A literatura e a poesia é só expressiva, é igual flor no pé, cachoeira caindo, é um fenômeno natural. Então eu não posso manipular, nem dar uma intenção nisso não. A poesia escapa a essas manipulações.

Mas, enquanto seres culturais, nós não enxergamos melhor as coisas quando conseguimos nomeá-las?
Adélia: Claro. Nós somos animais simbólicos. Uma galinha come um milho e ela não precisa saber que milho é milho (risos), nem dar nome ao milho. Mas eu preciso saber: estou comendo arroz com feijão. Por causa da minha natureza simbólica eu preciso de significados. E nomear é justamente dar significado às coisas. Já está na Bíblia isso, né? Deus entregou a criação a Adão e falou: nomeie as coisas, dê nome. Eu criei para você agora dar nome. Isso é função humana.

Escritor se sente meio Deus quando cria um mundo imaginário?

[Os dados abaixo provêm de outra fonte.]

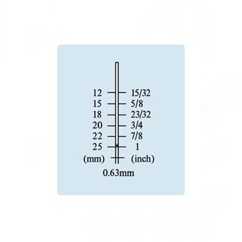এমপি 625 এ এয়ার মাইক্রো পিনারের জন্য পেরেক বা পিনের আকারটি ছোট এবং পাতলা, আকার 12-25 মিমি (15/32 থেকে 1 ইঞ্চি), জিএ 23, ডায়া। 0.63 মিমি।

Adélia: Nossa senhora!, ele se sente, às vezes, a última das criaturas. Porque ele é muito pior que o livro dele. É verdade. O dia que eu for igual a um livro meu, eu estou perdida, não dou conta de escrever mais nenhuma palavra. Eu sempre tenho que ser melhor do que eu mesma para ir atrás do livro. Deus nada, quê que é isso! (risos). Tadinho de nós.